Ex-Alberta Premier Peter Lougheed, verging on 80 and widely cherished as the grand old man of western Canadian politics, came out of retirement last week to warn that the country is about to face a clash of provincial authority against federal that could tear it to pieces.
Since Lougheed has never been given to excessive alarmism, the warning – delivered before the annual meeting of the Canadian Bar Association?attracted much press attention. Well it might, for the point at issue cuts to the core of the economic deal that brought the Canadian confederation into being.
It also throws into jeopardy the production output of the Alberta oil sands, which are rapidly becoming America’s leading and hitherto most dependable source of fossil fuels.
Under the Canadian constitution, negotiated in the 1860s as a statute of the British Parliament, the provinces, not the federal government, were given control of natural resources. There were only four provinces at the time – Ontario, Quebec, Nova Scotia and New Brunswick. Soon two more were added: Prince Edward Island on the Atlantic side and British Columbia on the Pacific.
Manitoba gained provincial status then too – at first as a tiny, “postage stamp province” at the eastern end of the vast Canadian prairie. But with Manitoba a distinction was drawn. Ottawa retained control of its resources. When Saskatchewan and Alberta came into being as “prairie provinces” in 1905, the same discrimination applied.
The three “prairie provinces” were established as de facto colonies of Ontario and Quebec, which supplied them with manufactured goods from industries protected by high tariffs. In return, the West sent its grain East to feed and fatten livestock or for export to Britain.

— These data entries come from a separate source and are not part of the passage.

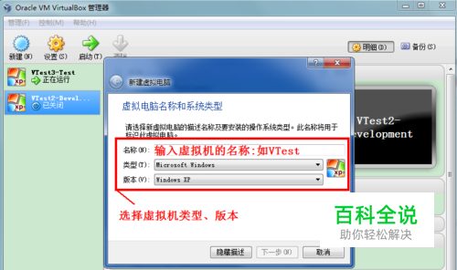进入新建的页面,我们可以看到有多种系统供用户选择,这里先输入虚拟机的名称,如VTest,选择版本“Microsoft Windows”,类型选择“Windows xp”,点击下一步。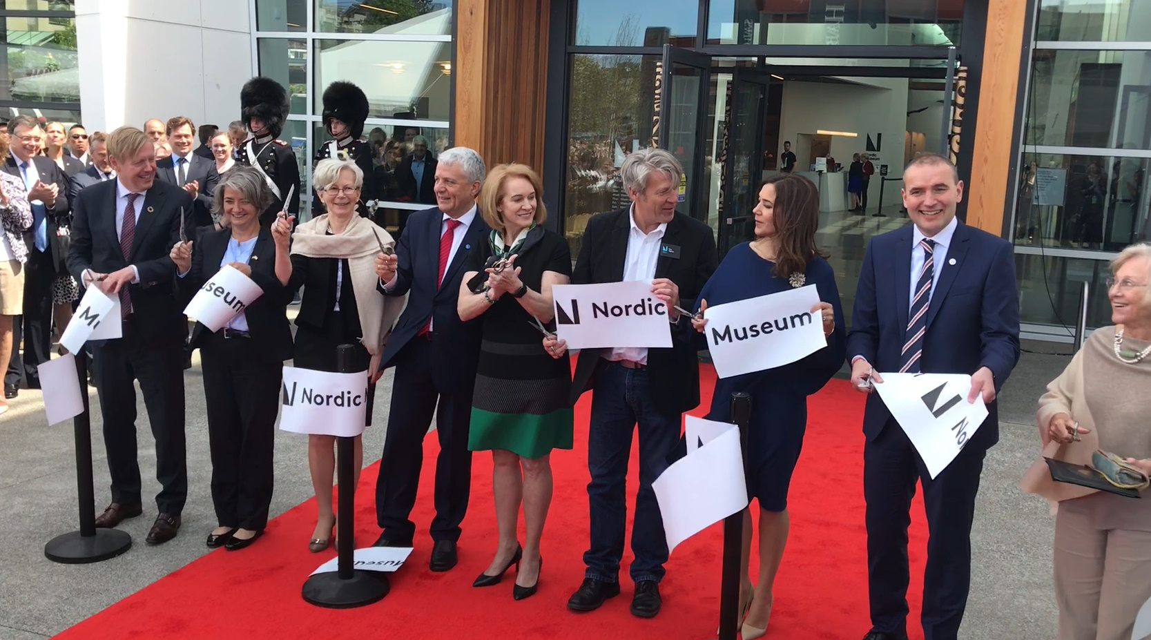 Forseti vígir nýtt Norðurlandasafn í Seattle ásamt Mary Donaldson, krónprinsessu Danmerkur, og fleirum.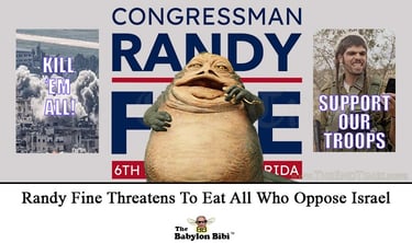 DAYTONA BEACH, FLORIDA - A jubilant, jiggling Randy Fine took to a well fortified stage at a campaign event yesterday to boast that he is personally wiling to contribute to Israel's US-supported mass genocide by eating all who oppose the mass murder of innocents for the sake of the Greater Israel Project.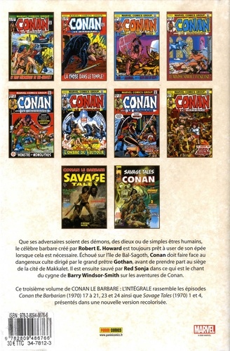 Que ses adversaires soient des démons, des dieux ou de simples êtres humains, le célèbre barbare créé par Robert E. Howard est toujours prêt à user de son épée lorsque cela est nécessaire. Echoué sur l'île de Bal-Sagoth, Conan doit faire face au dangereux culte dirigé par le grand prêtre Gothan, avant de prendre part au siège de la cité de Makkalet. Il est ensuite sauvé par Red Sonja dans ce qui est le chant du cygne de Barry Windsor-Smith sur les aventures de Conan. Ce troisième volume de CONAN LE BARBARE : L'INTEGRALE rassemble les épisodes Conan the Barbarian (1970) 17 à 21, 23 et 24 ainsi que Savage Tales (1970) 1 et 4, présentés dans une nouvelle version recolorisée.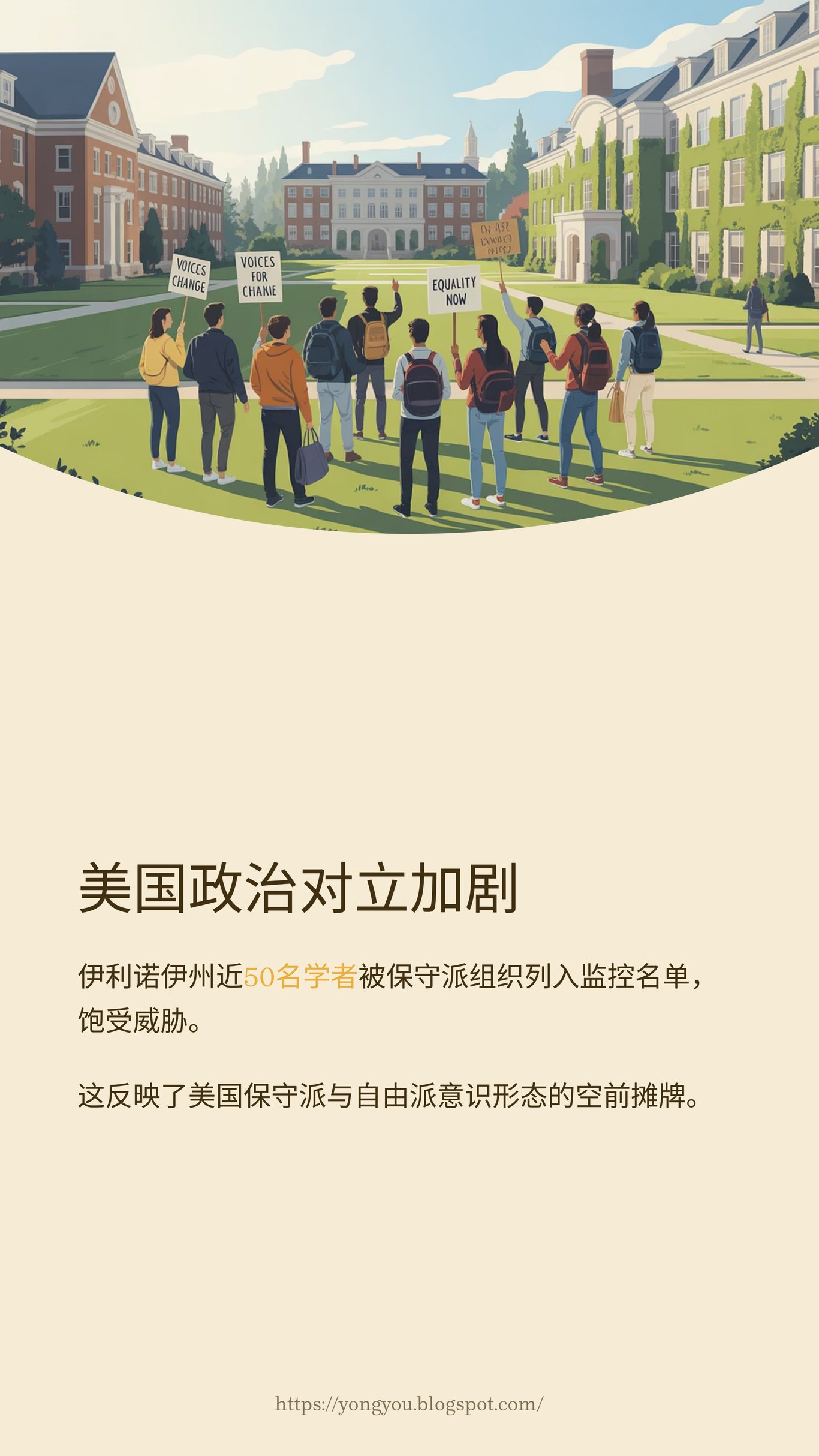 而在美國,政治極化催生了同樣令人不安的現象。由保守派青年活動家查理·科克(Charlie Kirk)創立的非盈利組織「美國轉折點」,創建了一個名為「教授監控名單」的網站,將近50名伊利諾伊州公立大學的學者列入其中,指控他們為「激進教授」,並公佈其個人信息。據《芝加哥時報》報導,名單上的部分教授已收到含有強暴和死亡威脅的仇恨郵件。在科克本人近期不幸遇刺身亡後,這種威脅更有升級之勢。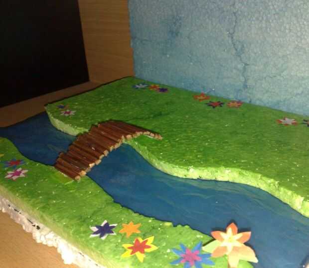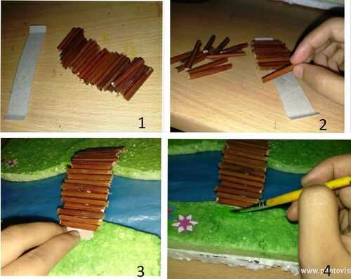 Utilizar los palillos pequeños de madera y papel grueso para hacer el puente. Asegúrese que el ancho del papel es 1cm menos que la longitud de los palos y la longitud de los papeles es de 3-4cm más que el ancho de los ríos (de modo que usted puede doblarla). Pega todos los palos en el papel y coloque el puente sobre el río, como se muestra en la imagen.

Not until 1929 did the three prairie provinces finally win control of their resources, the privilege extended to the others from the beginning. With the 1950s, however, a great change began. Oil had been discovered in Alberta and with it natural gas in incalculable volumes. When OPEC was formed in the 1970s, astronomically increasing the price of oil, Alberta began a boom, acquiring in the process an unbecoming wealth, highly offensive to the long dominant central provinces. But what could be done? Under the constitution, the oil and gas belonged to Albertans, not to Canadians.
The answer of the Liberal Trudeau government in the early 1980s was the “National Energy Program,” under which Ottawa simply defied the constitution, invaded the province’s jurisdiction and imposed taxes on the resources it didn’t own. The man who defended the province against this onslaught was Peter Lougheed. A secessionist movement broke out in Alberta at the time that drew thousands out to rallies in Edmonton and Calgary. It eventually resolved itself into the Reform Party, later into the Conservative Party, which ex-Reformer Stephen Harper led to power in Ottawa.
But now, Lougheed prophesied last week, Ottawa will use its environmental authority to gain jurisdictional control of the tar sands, forcing a showdown with Alberta “10 times greater” than the fight over the National Energy Program.
“The issue is there front and center, and coming to a head. I think the issues we saw before – and I was involved in many of them – were important. I don’t minimize them.” But “they aren’t even close,” he said, to the coming move of the federal government into the provincial jurisdiction via environmental control.
“My surmise is that we’re going into this constitutional legal conflict soon. This is strong stuff. National unity will be threatened, if the court upholds federal environmental legislation and causes major damage to the Alberta oil sands and our economy.” (That the Supreme Court will uphold the federal authority over the provincial can be regarded as a foregone conclusion. The federally appointed Supreme Court has almost never favored the provinces when a federal-provincial conflict came before it.)
“The government of Alberta, with its acceleration of oil sands operations,” said Lougheed, “will in my judgment be seen as the major villain in all this in the eyes of the public across Canada.”
The chief beneficiaries of this acceleration are of course the American consumers who buy the oil that the tar sands produce, and the people of Alberta who are experiencing by far the biggest economic boom in their history. An Ottawa invasion of the Alberta industry would, in other words, directly threaten the American oil supply. The American government has never bought into the thinking that produced the Kyoto Treaty. The Canadian government has. Lougheed has predicted the consequence.